Friday was July 4 and we celebrated by getting the best ice cream ever from Berthillon. We visited Sainte-Chapelle and Notre Dame, as well as Île de la Cité and Île Saint-Louis, which are located within the Seine. My favorite Friday faces are from the Pont Neuf, the oldest bridge in Paris. The bridge is decorated with hundreds of sculpted faces known as mascarons, all of which are different and have unique facial expressions.

On Saturday, we visited Versailles with MICEFA. Like the Louvre, there were many statues, paintings, and other decor that had faces. One of my favorite things was the Baths of Apollo. The original statues from the baths were moved inside the palace in order to better protect them, which allowed us to get an up close view of the scenes portrayed in the statues. However, we did not quite understand the story that was being told through the three statues until we visited the gardens and were able to view replicas of the statues within the setting of the Baths of Apollo. It was also really interesting to learn that the rock formation and caves of the Baths were entirely man-made.

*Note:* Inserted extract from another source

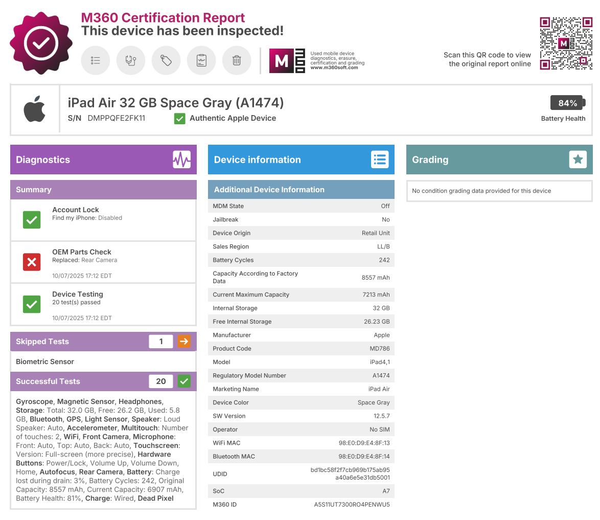 - iPad is tested, working, and has been factory reset. Please take a look at the attached photo with the testing report details, as well as the report details at the bottom of this description.

Original Statue Located Within Palace
Original Statue Located Within the Palace
Baths of Apollo in Versailles Gardens

My favorite faces from the last few days were at the Carnavalet Museum, which I visited on Sunday with my mom. This was a really interesting and fun museum to visit, and it had the added benefit of being a free place to go on a rainy day. The Carnavalet Museum tells the history of Paris through its four stories of exhibition space. They had many caricatures of popular writers, political figures, actors, etc. My favorite caricature was a pear-shaped and pear-themed vase meant to represent Louis Philippe I, the penultimate monarch of France.

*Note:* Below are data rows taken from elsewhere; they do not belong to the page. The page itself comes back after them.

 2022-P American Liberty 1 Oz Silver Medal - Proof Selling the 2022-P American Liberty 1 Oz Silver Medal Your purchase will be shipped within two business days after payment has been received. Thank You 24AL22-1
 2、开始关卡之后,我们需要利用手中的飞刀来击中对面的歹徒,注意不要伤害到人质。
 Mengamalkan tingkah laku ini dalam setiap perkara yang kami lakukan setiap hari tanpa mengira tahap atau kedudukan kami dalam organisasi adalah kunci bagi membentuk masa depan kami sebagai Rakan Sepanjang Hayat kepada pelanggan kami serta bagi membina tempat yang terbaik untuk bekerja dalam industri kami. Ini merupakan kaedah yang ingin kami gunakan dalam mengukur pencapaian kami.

The last few days have been really fun and filled with new experiences. Visiting the Louvre and Versailles knocked two things off my bucket list that I have been looking forward to seeing for a long time. Sainte-Chapelle was one of the most amazing buildings and interiors that I have ever seen and I would love to go back if the line wasn’t notoriously long. Let me know which face is your favorite!

Bienvenue à Paris!

We arrived in Paris during a heatwave and have been sweating it out since we left the airport. My name is Kynzie Johnson and I will be writing this blog to document my experiences throughout this month in Paris.

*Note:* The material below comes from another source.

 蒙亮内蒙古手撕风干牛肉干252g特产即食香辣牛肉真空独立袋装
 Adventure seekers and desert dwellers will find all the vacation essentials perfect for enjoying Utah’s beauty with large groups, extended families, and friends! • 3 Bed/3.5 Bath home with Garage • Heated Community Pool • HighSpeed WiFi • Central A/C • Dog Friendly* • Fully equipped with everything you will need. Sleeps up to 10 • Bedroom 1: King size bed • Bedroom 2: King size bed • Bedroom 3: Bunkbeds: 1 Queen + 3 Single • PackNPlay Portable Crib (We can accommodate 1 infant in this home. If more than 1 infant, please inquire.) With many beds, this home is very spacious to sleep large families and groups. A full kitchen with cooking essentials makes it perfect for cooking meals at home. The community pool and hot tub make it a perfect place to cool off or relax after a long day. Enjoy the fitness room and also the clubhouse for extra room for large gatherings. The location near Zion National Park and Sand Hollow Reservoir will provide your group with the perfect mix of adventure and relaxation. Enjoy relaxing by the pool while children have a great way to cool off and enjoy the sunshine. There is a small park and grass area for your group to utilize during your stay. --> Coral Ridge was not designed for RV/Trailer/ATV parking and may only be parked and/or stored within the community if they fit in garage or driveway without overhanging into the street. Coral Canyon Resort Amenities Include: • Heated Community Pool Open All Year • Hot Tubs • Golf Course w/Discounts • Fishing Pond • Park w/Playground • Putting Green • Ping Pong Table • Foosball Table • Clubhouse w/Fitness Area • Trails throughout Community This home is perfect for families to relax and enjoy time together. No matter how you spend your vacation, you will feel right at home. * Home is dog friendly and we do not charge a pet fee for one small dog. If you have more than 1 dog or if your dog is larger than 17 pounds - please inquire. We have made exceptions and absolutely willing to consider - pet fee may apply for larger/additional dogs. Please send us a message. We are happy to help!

I already feel like I’ve been through several stages on the rollercoaster of culture shock. The first has been the excitement of finally making it to Paris after so much anticipation and planning for the trip. 

 

Then there was total exhaustion coupled with annoyance that there is no air conditioning (even though it was over a hundred degrees!). Our first night at dinner, we barely spoke as we waited for our food, trying not to fall asleep or pass out from heat exhaustion.

The heat finally subsided last night as we rounded off our first full day in Paris. The day started with me being annoyed at the lack of AC (still) and missing my family a bit, included a great chocolate mousse from Café du Rendez-Vous and a trip to the Louvre, as well as several failed missions to located and buy a fan, and ended with a dinner of fruit and cheese from Franprix on the balcony. Looking forward to the exciting things we could see today!